O legislador foi coerente ao entender que quando um parente consangüíneo como o pai doa um rim para sua filha está pensando apenas na saúde daquela que sofre de insuficiência renal. A família ou o cônjuge que acompanham o sofrimento daquele que aguarda por um transplante sabe o quanto é importante o gesto de solidariedade e generosidade.

Mas além dos parentes próximos ou cônjuge, os amigos também podem se sensibilizar com a situação e desejar doar o rim àquele que necessita do transplante. Neste caso, é necessário o ingresso de ação judicial para que seja autorizado o transplante renal.

Compete ao magistrado verificar se a doação daquele órgão está ocorrendo por altruísmo ou se por trás daquele pedido existe algum comércio. Por certo que a Justiça poderá verificar o grau de envolvimento do doador e donatário, até mesmo por meio de entrevistas técnicas com psicólogas ou assistentes sociais judiciais.
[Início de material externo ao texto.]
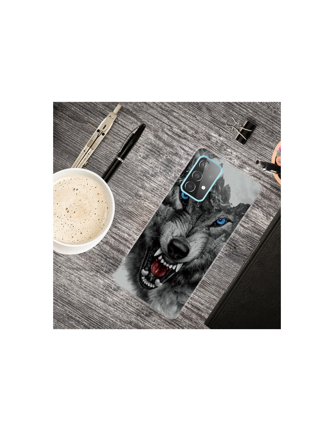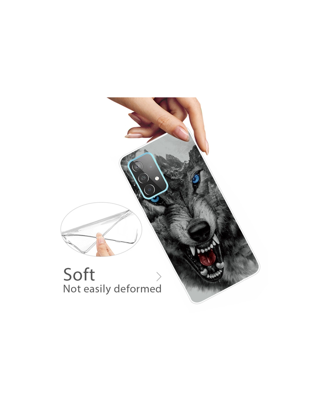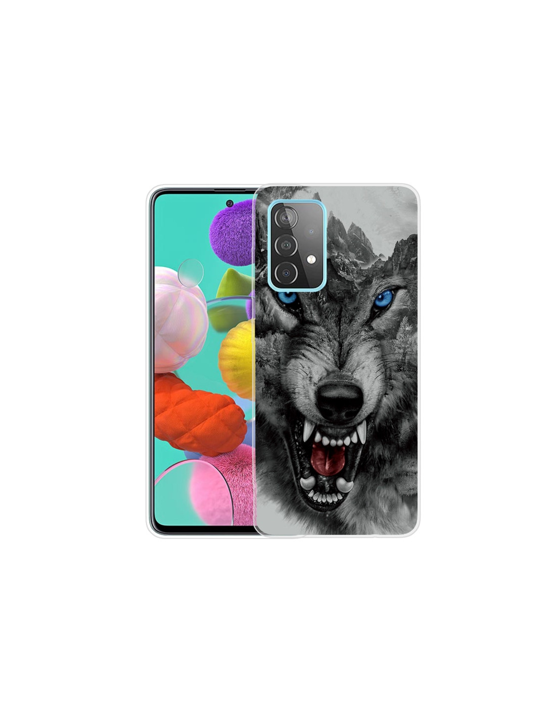 Cover trasparente TPU per Galaxy A72 con design lupo di montagna. Protezione antiurto e design visibile.
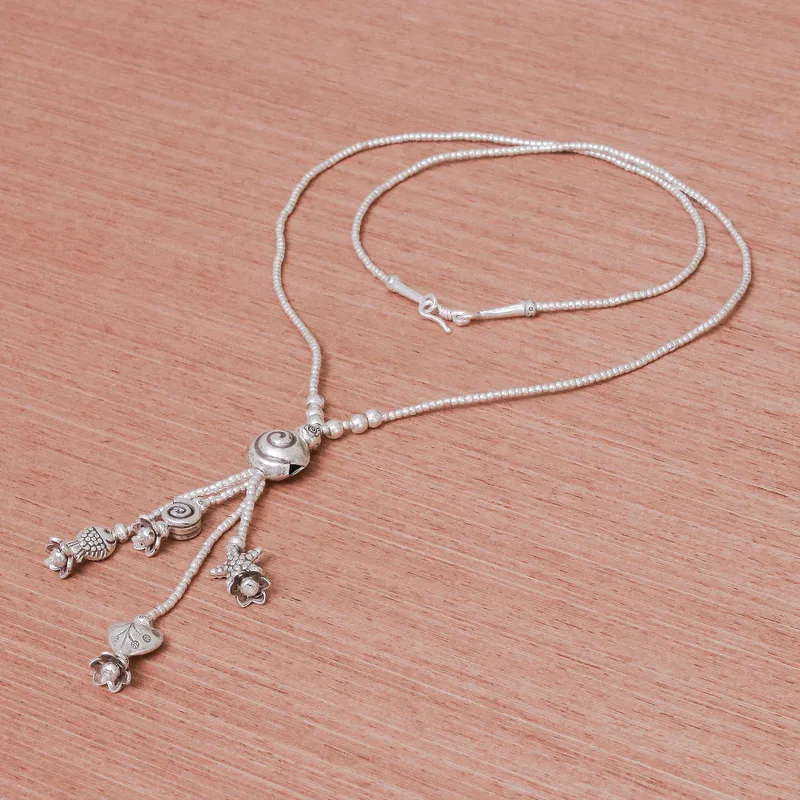 You can find our silver beaded long Y-necklace 'Shell Charm' by Pakaon Sojintarit in jewelry categories such as Hill Tribe Necklaces, Nature Necklaces, Animal Themed Necklaces, No Stone Necklaces and Silver Necklaces. Enjoy exploring these sections for other Novica treasures.

A lei dos transplantes dispensa a autorização judicial para efetivar a doação do órgão somente para parentes até o quarto grau e cônjuges. Assim nos casos que o doador e receptor vivem juntos, mas não são casados, é necessária a referida autorização judicial. Apesar de não serem parentes, em muitos casos é compatível o transplante e realizado com grande sucesso.

Desde a promulgação da lei dos transplantes em 1997 até 2002, cresceu em 53% o número de transplantes renais no Brasil. Isso porque o número de transplantes de rim de cadáver aumentou em 38% e de doadores vivos em 65%. Os números estatísticos são frios e dependem de interpretação para que sejam encarados com otimismo.

A comparação com países estrangeiros é inócua, pois o brasileiro sempre foi conhecido pela sua solidariedade e não poderia se omitir no momento da doação do rim. Não se pode duvidar da capacidade das pessoa em ser altruísta a ponto de sofrer uma intervenção cirúrgica, correr até mesmo risco de vida para salvar a vida de outro, ainda que não tenha nenhuma recompensa financeira em troca.

Este assunto precisa ser debatido nos meios de comunicação para que todos saibam que não basta se dispor a doar um rim para que isso aconteça. O doador de órgão não sendo parente ou cônjuge do receptor deve procurar um advogado para se informar melhor sobre o processo.